The tell-tale signs which can indicate if a middle-aged woman will suffer any physical health declines later in life have been identified by doctors.

Among 55-year-old women, factors such as being overweight, smoking, having osteoarthritis, depression and more, were linked with health declines in the following decade.

Investigators from Brigham and Women's Hospital in Boston studied the different variables among middle-aged women by drawing on their health status, lab and imaging measurements, to determine which factors were linked with physical health declines later in life.

In the study, the team identified factors that could potentially be used to determine who may be at increased risk of physical health decline.

Dr. Daniel Solomon from the Division of Rheumatology, Inflammation, and Immunity, was the corresponding author and confirmed that "age 55 to 65 may be a critical decade" for women.

"A person’s health and factors during this period may set them on a path for their later adult years," he said.

"The good news is that a large proportion of women at midlife are very stable and will not go on to experience declines.

"But, being able to identify women at higher risk could help lead to interventions targeted to them.”

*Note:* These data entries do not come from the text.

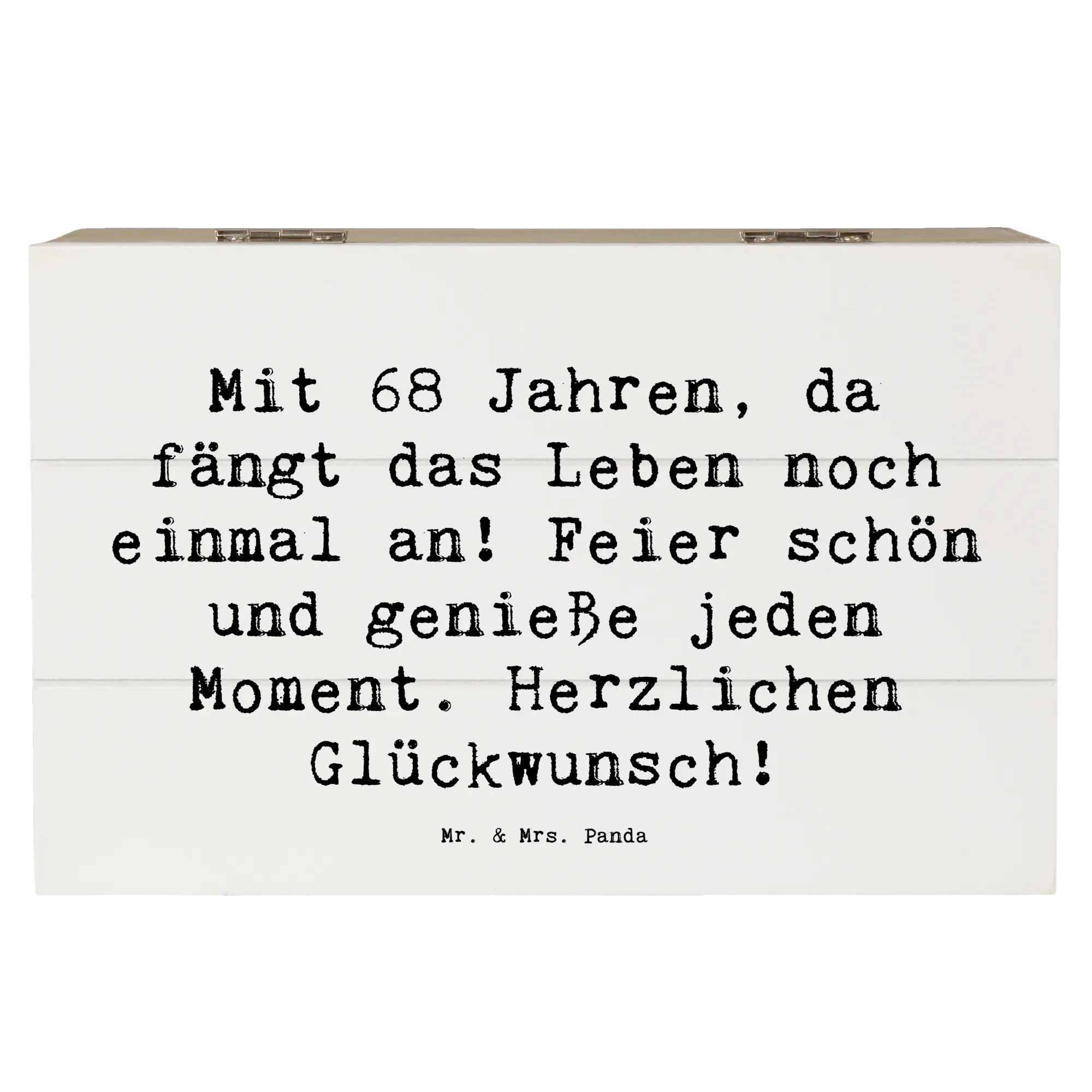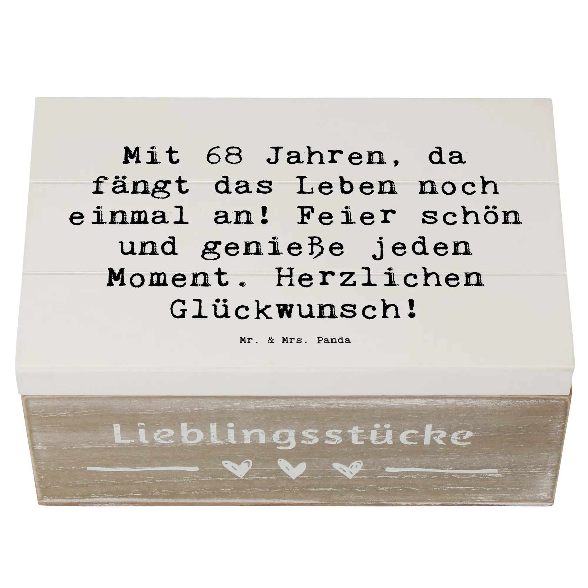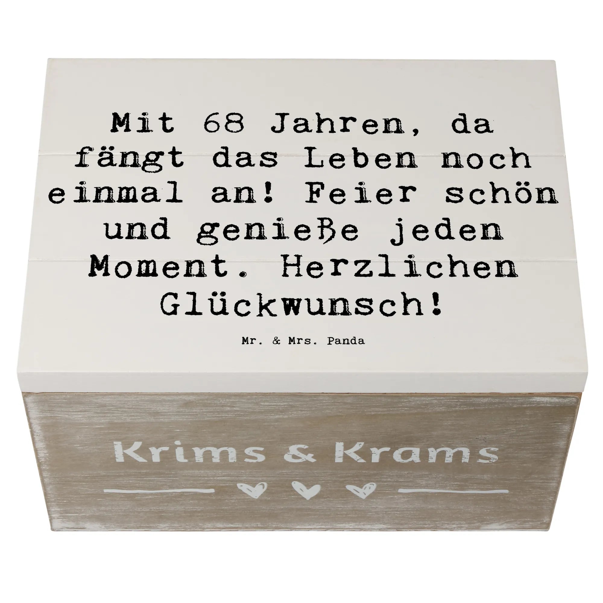 Die wunderschöne Holzkiste von Mr. & Mrs. Panda ist das ideale Geschenk zum 68. Geburtstag! Mit dem liebevollen Spruch "Mit 68 Jahren, da fängt das Leben noch einmal an! Feier schön und genieße jeden Moment. Herzlichen Glückwunsch!" bietet diese Kiste nicht nur Platz für Schätze, sondern auch für die schönsten Erinnerungen.
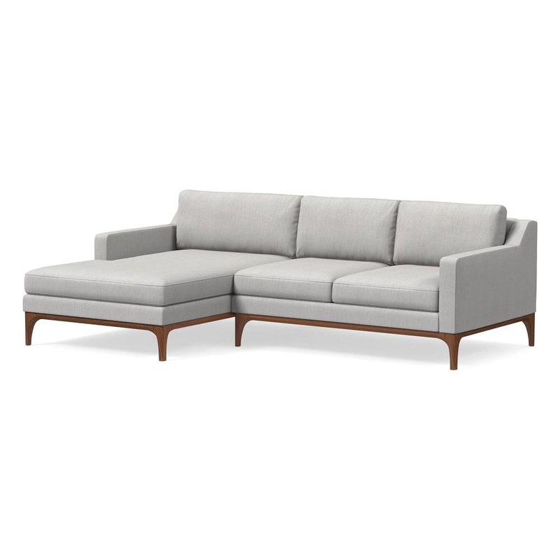 Hand-built frames with hand-finished upholstery.Engineered wood frame and legs in a Cool Walnut finish.All wood is kiln-dried for added durability.High-gauge sinuous springs provide cushion support.Seat cushions have fiber-wrapped, high-resiliency polyuret
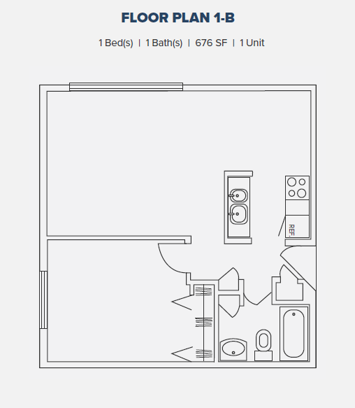 Modelo de apartamento: One Bed - 1BLlame para Precios1 Dormitorio, 1 Baño, 676 sq ftNo DisponibleOne Bed - 1B - Plano 1 One Bed - 1C
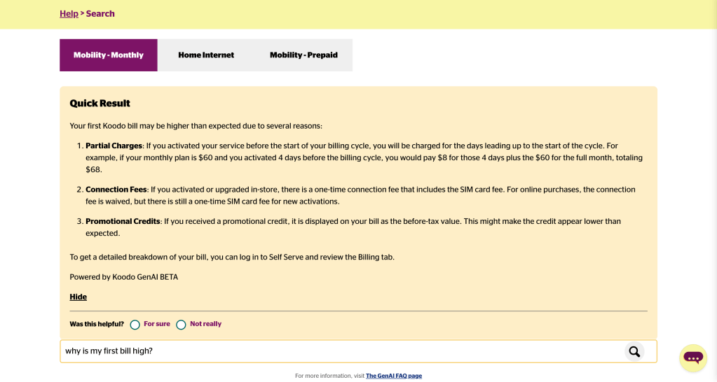 Koodo’s Help page saw frequent user drop-offs and repetitive search queries that didn’t convert into meaningful resolutions. Users often got overwhelmed with the volume of static FAQs or couldn’t find what they needed quickly enough. Koodo needed a smarter search tool, scalable solution to improve self-service and reduce support calls.
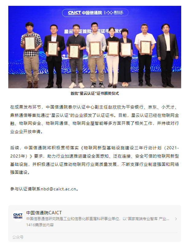 2022 年 8 月 16 日,由中國信息通信研究院(以下簡稱“中國信通院”)主辦的主題為“星聯萬物,云創未來”的“2022 物聯網產業發展大會”召開,為首(shou)批通過中國(guo)信通院“星(xing)云認證”的企業頒發了認證證書。
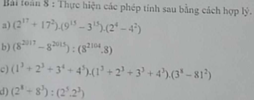 `b ) (8^2017 - 8^2015) : (8^2014 . 8)`
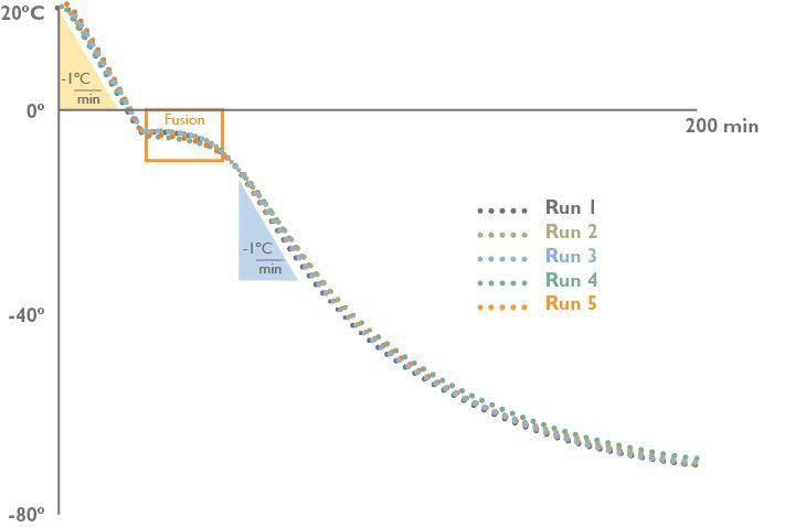 CoolCellを-80°Cのフリーザーに入れると、内部のすべての凍結チューブ(バイアル)は-1°C /分の速度で冷却されます。
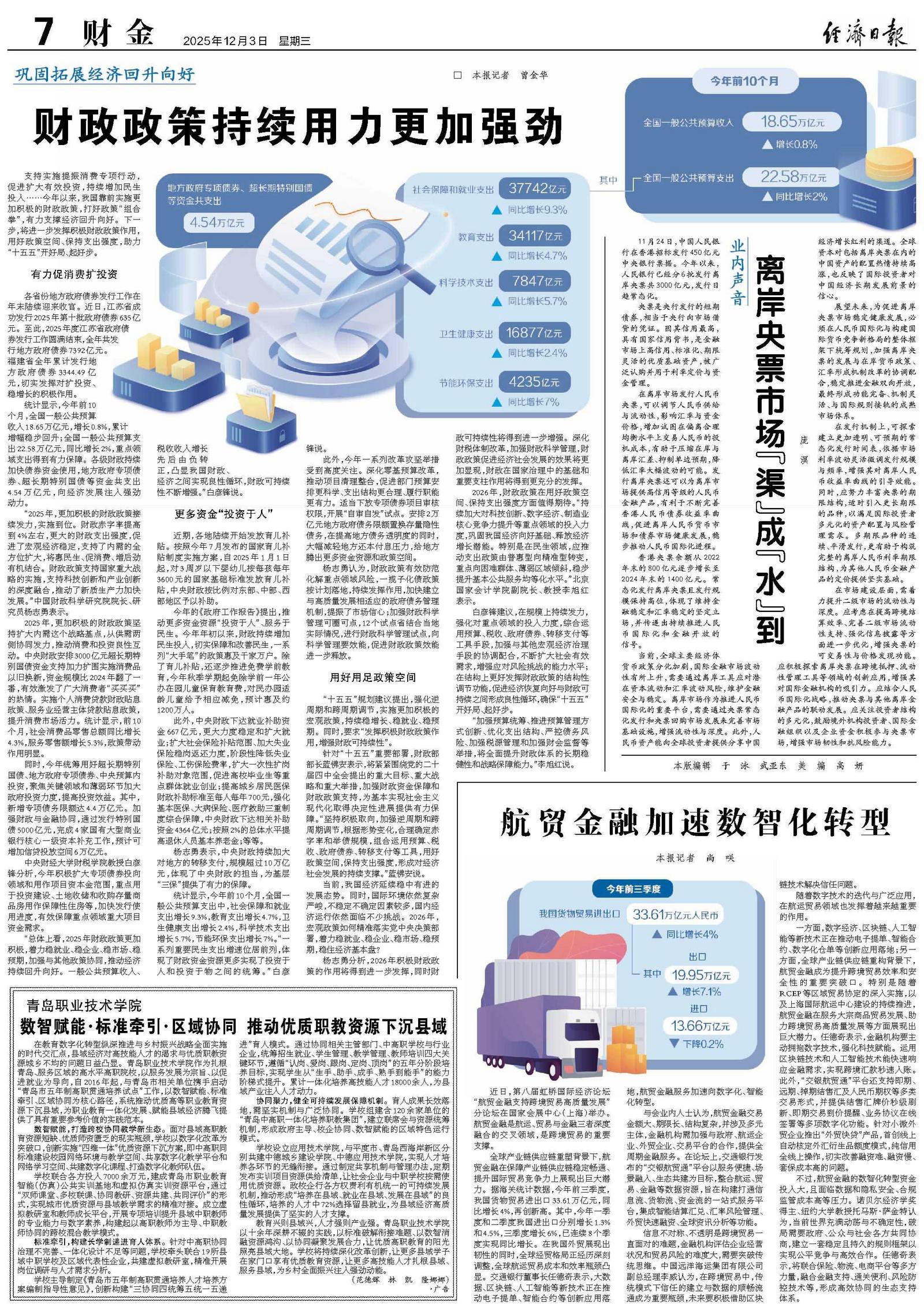 财政政策持续用力更加强劲
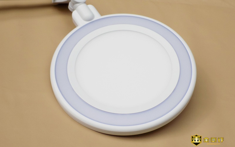 台灯的底座采用了一体式触摸控制面板设计,没有突起的物理按键,表面磨砂处理,手感温润细腻,容易清洁。底座面板印着清晰的触摸键,“笑脸曲线”是具有灯效的调光滑动带,“笑脸曲线”的左端是电源开/关键,右端图形只是亮度标识,没有控制功能。按钮上方为感光芯片,配合感光按钮自动调节亮度。▼

Dr. Solomon and his colleagues conducted the study using data from the Study of Women’s Health Across the Nation (SWAN) - a multicenter, multiethnic, and multiracial study that followed women from 1996 through 2016.

From the analysis, the researchers found that there was a decline in the participants' physical component summary score (PCS), which is measured by an individual's physical health.

The team concentrated their search on the "clinically important" changes in PCS, by comparing the women's scores at age 55, to their score ten years later.

The researchers found that about 20 percent of the women they studied, experienced clinically important declines in their physical health.

At age 55, some of the factors which were identified as triggers of these declines included a higher body mass index, current smoking habits, diabetes, heart disease, depression, and osteoarthritis.

While the study was diverse and representative, only 1,091 women were referenced and so a bigger study will be needed to validate the team's findings.

For now, the team is working out how to apply their results in clinical practice and is developing a risk score that doctors and patients can use to track the likelihood of any future health declines.

"As a clinician and epidemiologist, I often think about the window of opportunity at midlife when people are vital, engaged, and resilient,"Dr. Solomon said.

“If we can identify risk factors and determine who is at risk, we may be able to find interventions that can stave off health declines and help put people on a better health trajectory.”

The findings were published in JAMA Network Open.